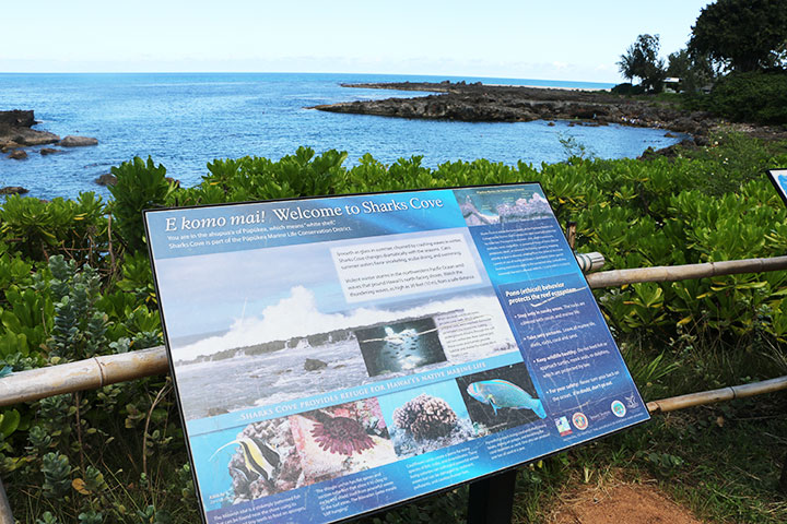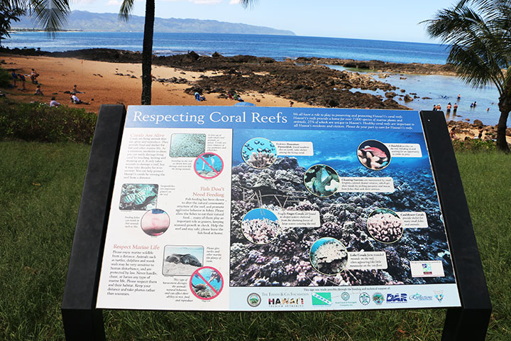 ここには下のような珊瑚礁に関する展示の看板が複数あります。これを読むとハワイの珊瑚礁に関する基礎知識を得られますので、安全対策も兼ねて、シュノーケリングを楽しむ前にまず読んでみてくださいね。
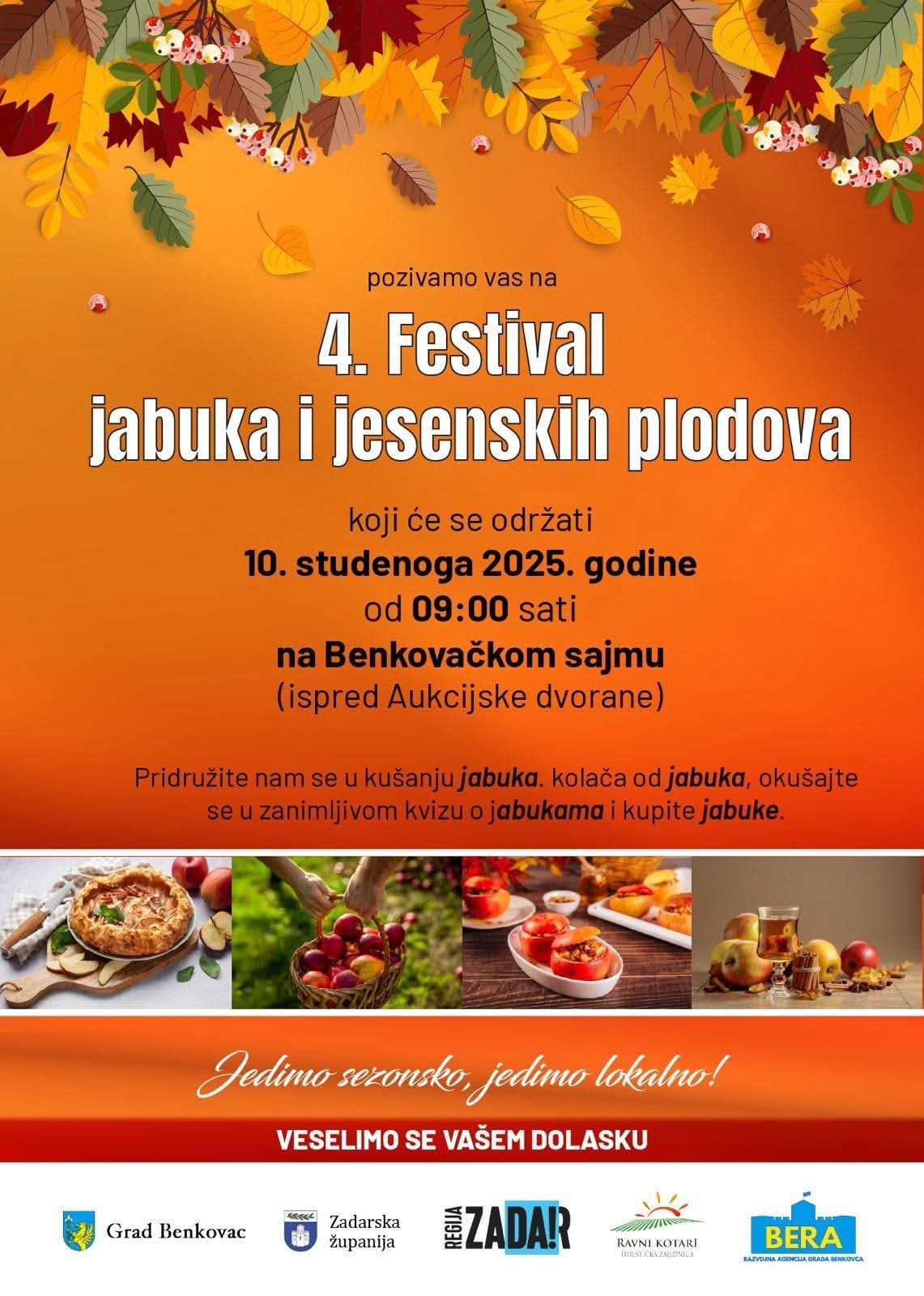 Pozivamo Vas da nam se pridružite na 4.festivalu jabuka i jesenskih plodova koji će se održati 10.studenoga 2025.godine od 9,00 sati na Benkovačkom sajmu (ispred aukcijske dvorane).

-=-=-=-=-

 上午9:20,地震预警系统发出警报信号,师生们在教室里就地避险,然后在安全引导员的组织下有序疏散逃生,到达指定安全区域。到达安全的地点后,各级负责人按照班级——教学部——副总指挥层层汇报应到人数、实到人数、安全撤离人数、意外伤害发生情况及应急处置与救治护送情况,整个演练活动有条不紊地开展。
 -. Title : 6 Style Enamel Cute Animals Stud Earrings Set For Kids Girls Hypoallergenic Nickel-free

-=-=-=-=-

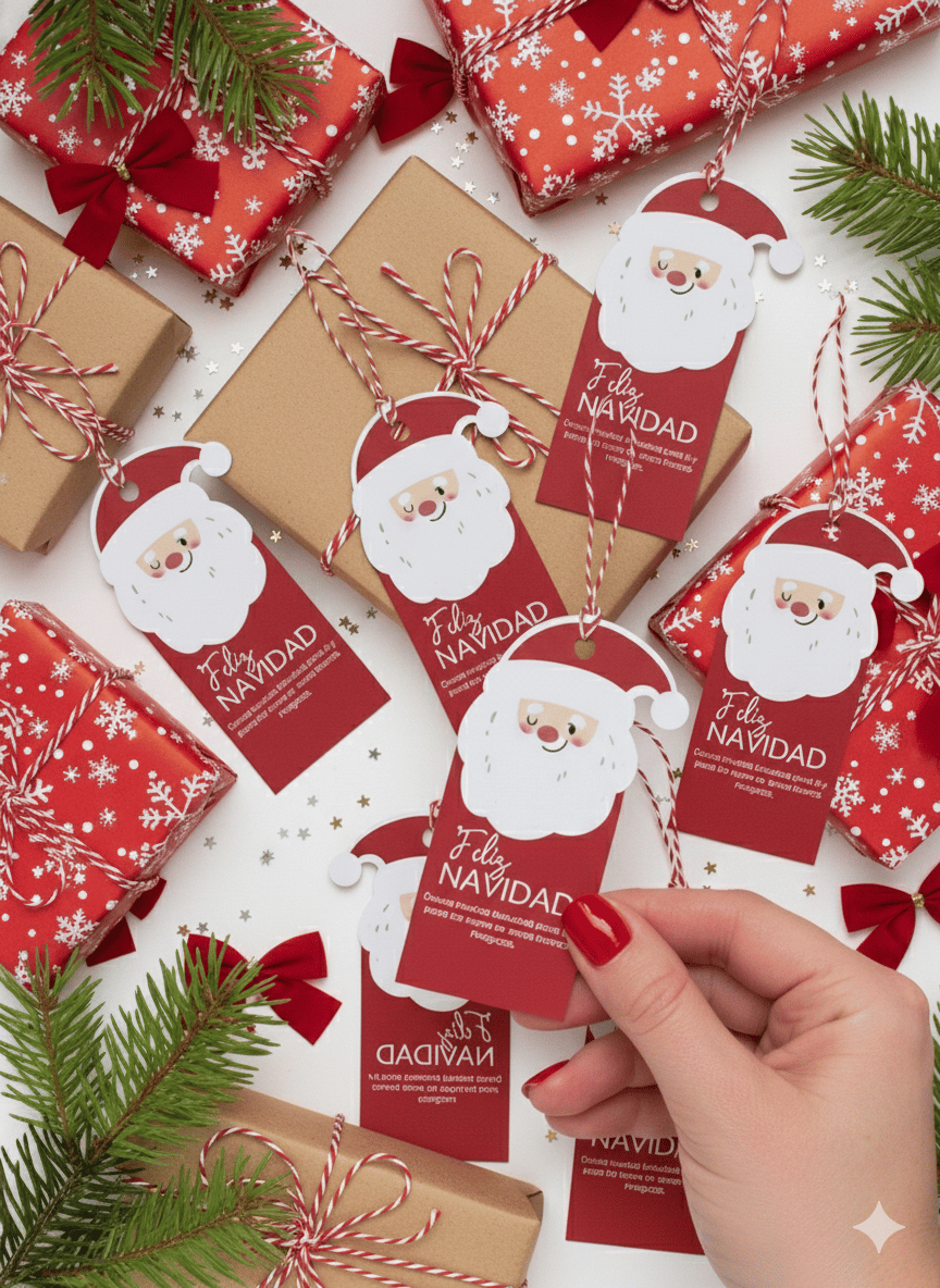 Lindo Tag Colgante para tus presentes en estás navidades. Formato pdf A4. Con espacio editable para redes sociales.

-=-=-=-=-

Using the entries above, transcribe exactly from the line that has "ここには下のような珊瑚礁に関" through the line that has "Pozivamo Vas da". Pictures are dropped.

 ここには下のような珊瑚礁に関する展示の看板が複数あります。これを読むとハワイの珊瑚礁に関する基礎知識を得られますので、安全対策も兼ねて、シュノーケリングを楽しむ前にまず読んでみてくださいね。
 Pozivamo Vas da nam se pridružite na 4.festivalu jabuka i jesenskih plodova koji će se održati 10.studenoga 2025.godine od 9,00 sati na Benkovačkom sajmu (ispred aukcijske dvorane).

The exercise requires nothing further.